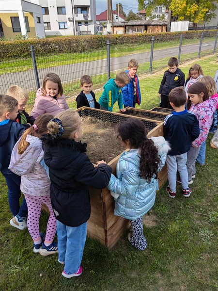 V mesecu septembru je naša šola postala lastnica šolskega vrta. Z učenci prvega razreda smo čas po pouku (RAP) izkoristili in šolski vrt malce uredili in ga zasadili s prvimi posevki. Vrt smo poimenovali, prav tako bomo sproti poimenovali tudi rastline in skrbeli za zalivanje in urejenost vrta. Vse skupaj vabimo, da si vrt spoštljivo ogledate, a ne pozabite, gledamo z očmi. V kolikor pa si želite karkoli iz vrta, ali pri vrtu pomagati pa se o tem prej posvetujte z odgovornimi osebami. Z učenci prvega razreda bomo pridelke z veseljem delili, ne bomo pa se branili pohvale in kakšne pomoči. Vabljeni tudi starši ali ostali učitelji in zunanji sodelavci, da se nam pridružite in nas o čem podučite, veseli bomo vsakršne pomoči, podarjenega časa ali kakšnega pripomočka, mogoče sadike, tako kot nam je prve rastline podaril gospod Mirjan Sraka.
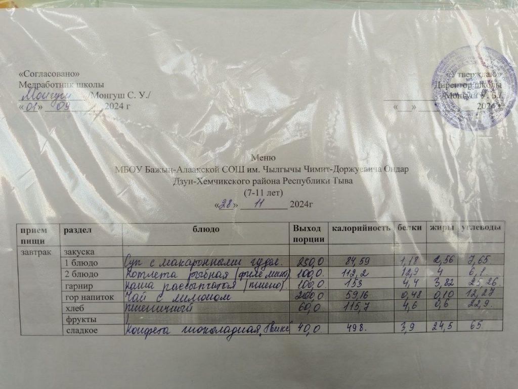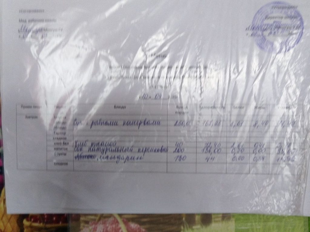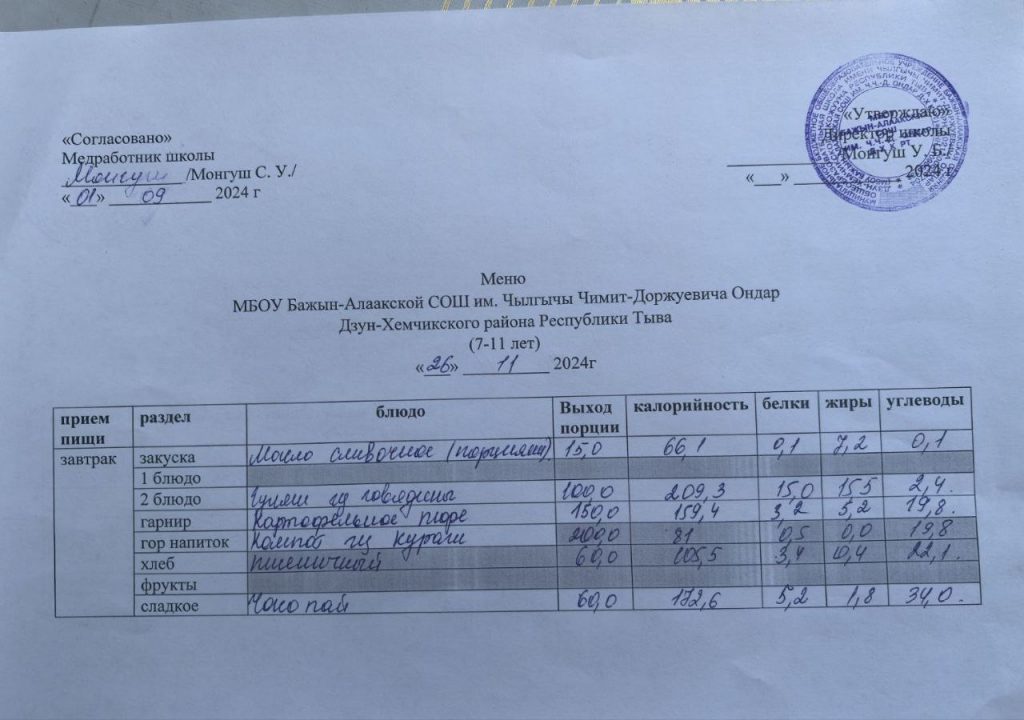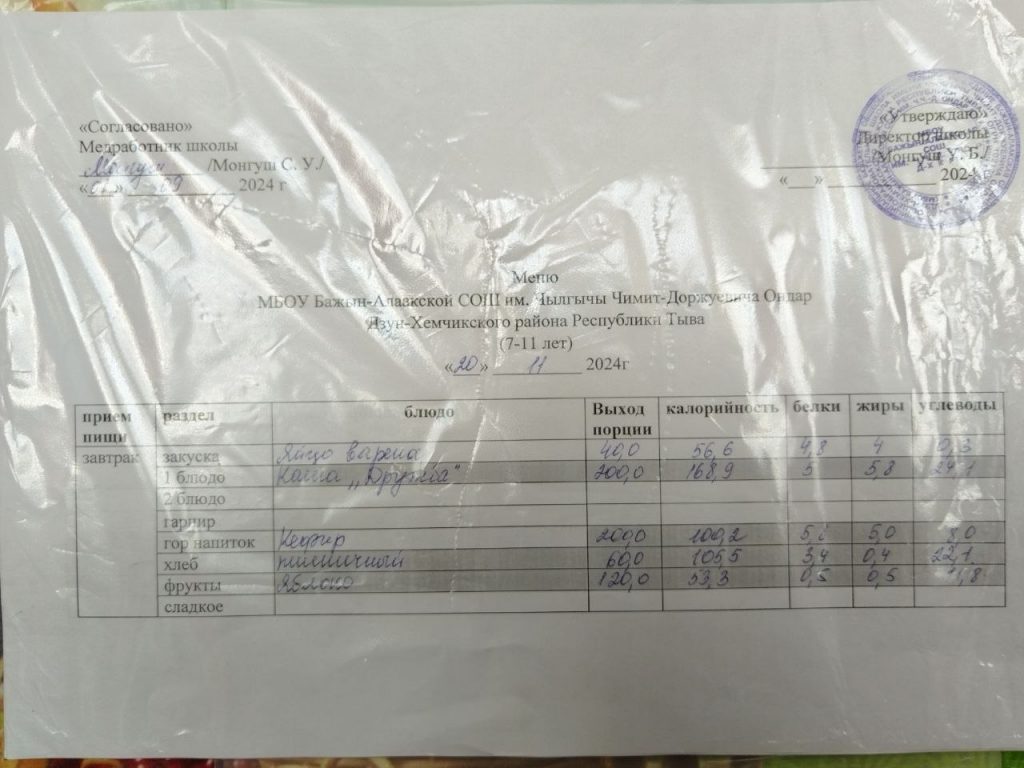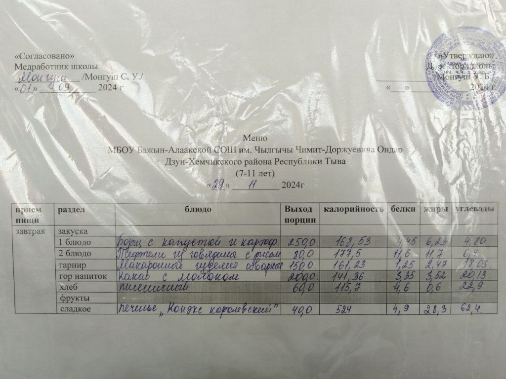 меню на 29.04
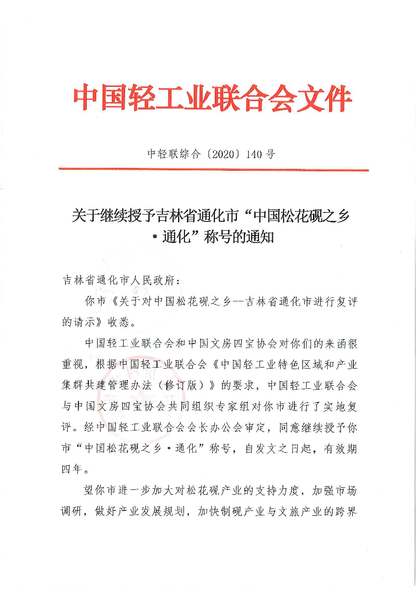 關(guān)于繼續(xù)授予吉林省通化市“中國松花硯之鄉(xiāng)·通化”稱號的通知

══════════

## DESCRIPTION OF THE TASK
Copy only the lines running from the one that holds "меню на 29.04" through the last line of the data, and include both of those lines. Do not copy any pictures.

## ANSWER TO THE EXERCISE
 меню на 29.04
 關(guān)于繼續(xù)授予吉林省通化市“中國松花硯之鄉(xiāng)·通化”稱號的通知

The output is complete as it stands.